Differences between defined benefits and defined contributions

| Jul 21, 2021 | Employment |

The Employee Retirement Income Security Act of 1974, also known as ERISA, was enacted to protect workers in California and the rest of the country. It keeps assets secure in retirement plans so that people have access to those funds once they retire. The different plans under ERISA are important to know about so that you can choose which is better for you.

What does ERISA do for employees?

Even though ERISA is a federal employment law, employers are not under obligation to provide a retirement plan to their employees. The law doesn’t specify an amount of money required to be paid as a benefit, either. However, the law does require businesses that offer retirement plans to meet minimum standards. Per ERISA, the following must be in place:

  • Plans must give participants full information about the plan, its features and funding options.
  • Minimum standards must be met for participating, vesting, funding and accruing benefits.
  • Plan fiduciaries must be accountable; those that don’t follow the rules can be held responsible for restoring any losses.
  • Participants have the right to sue for benefits and breaches of fiduciary duty.
  • Some benefits must be paid through the Pension Benefit Guaranty Corporation if a plan is terminated.

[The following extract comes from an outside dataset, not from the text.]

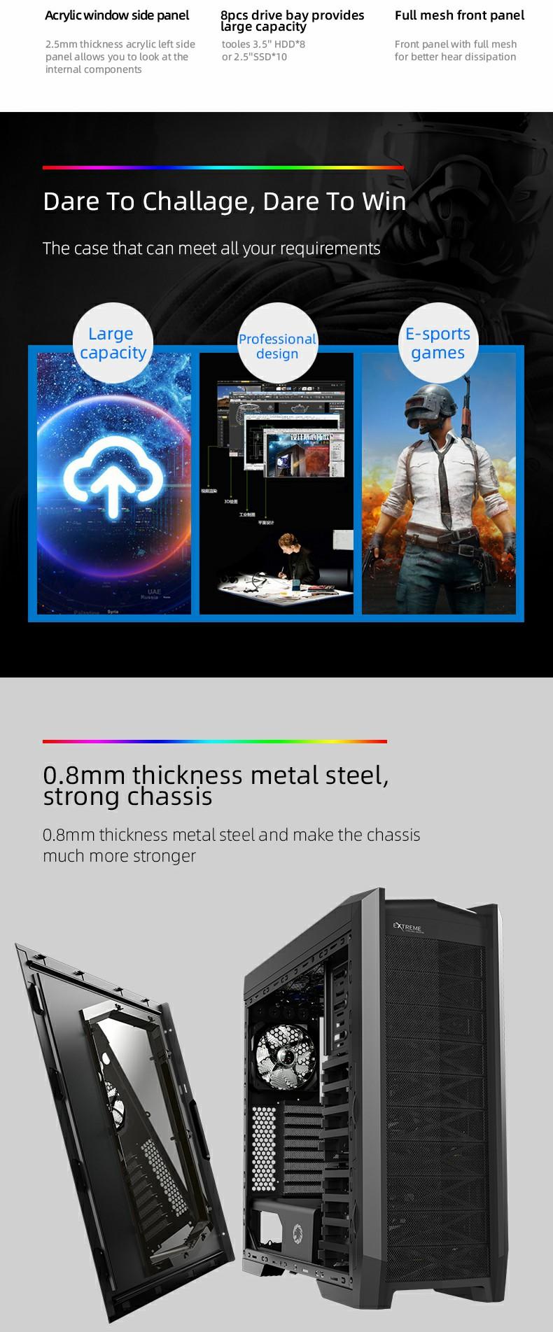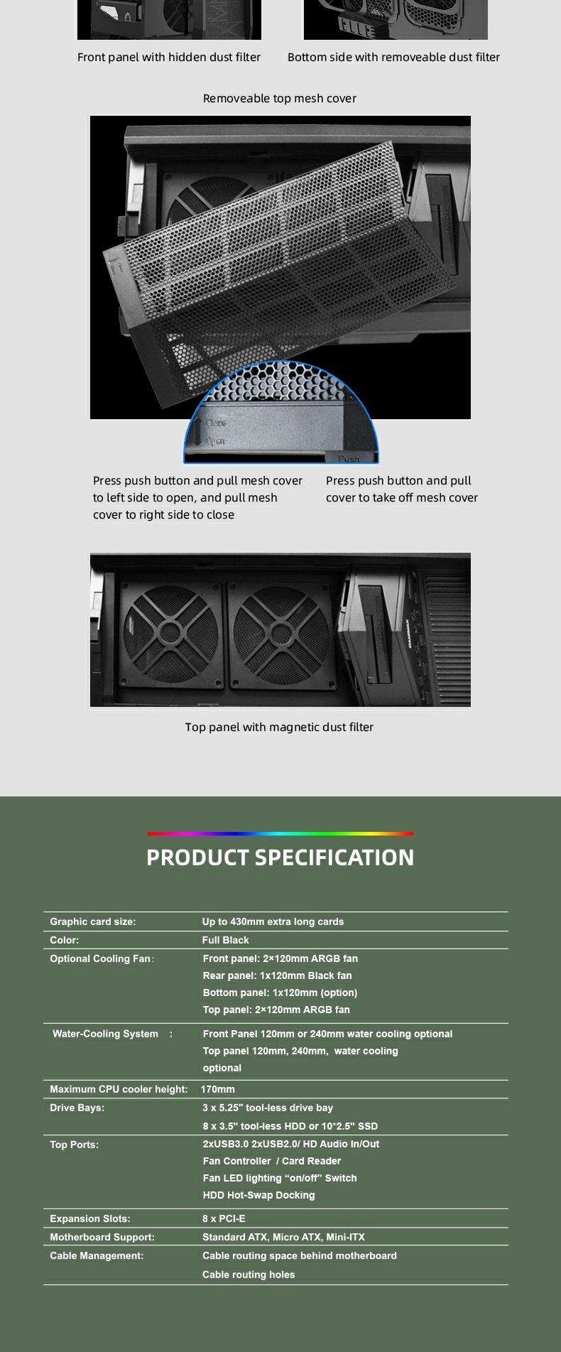 Super space design compatible for All ATX/MATX/ITX mainboard,Meshed bay covers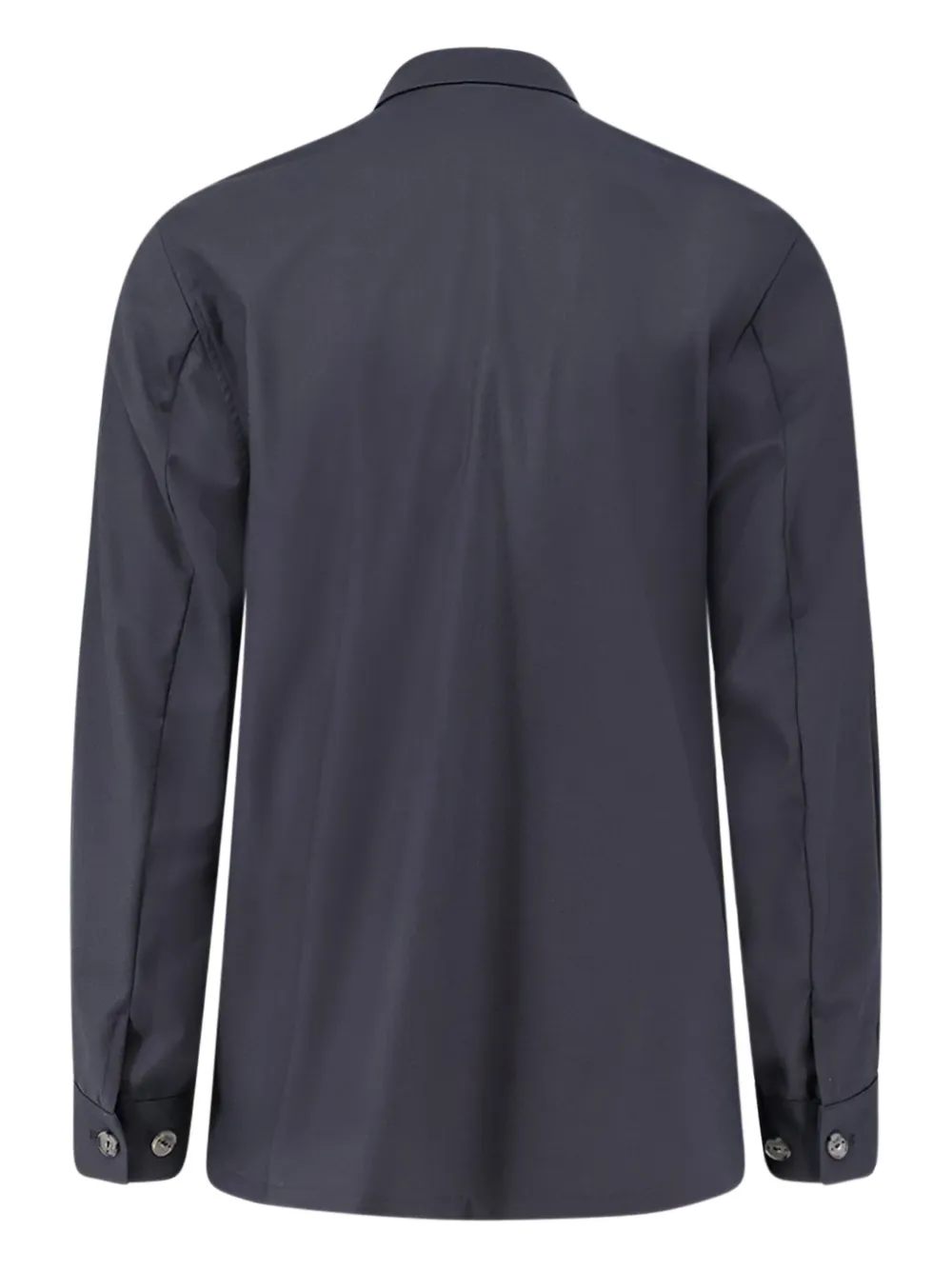 серый цвет, заострённый воротник, застёжка на пуговицы, длинные рукава, манжеты на две пуговицы, накладной карман спереди

What are defined benefit and contribution plans?

ERISA offers two types of retirement plans for employees. Those are defined benefit plans and defined contribution plans, and they differ from one another. They include the following:

  • Defined benefit plan: This plan is funded by your employer and promises a specific monthly benefit once you retire. The plan might promise a benefit as an exact dollar amount or may be based on a calculation of things such as your salary, age and number of years you worked for the company.
  • Defined contribution plan: This plan doesn’t promise you a specific benefit amount after you retire. Both you and your employer contribute funding toward your account. You are usually responsible for determining how the contributions are invested, but the value of your account depends on how much is contributed and how well investments do.

An employment law attorney may help you decide which plan is right for you based on your needs and finances. An attorney may also be able to help you if your employer violates ERISA and you do not receive your benefits.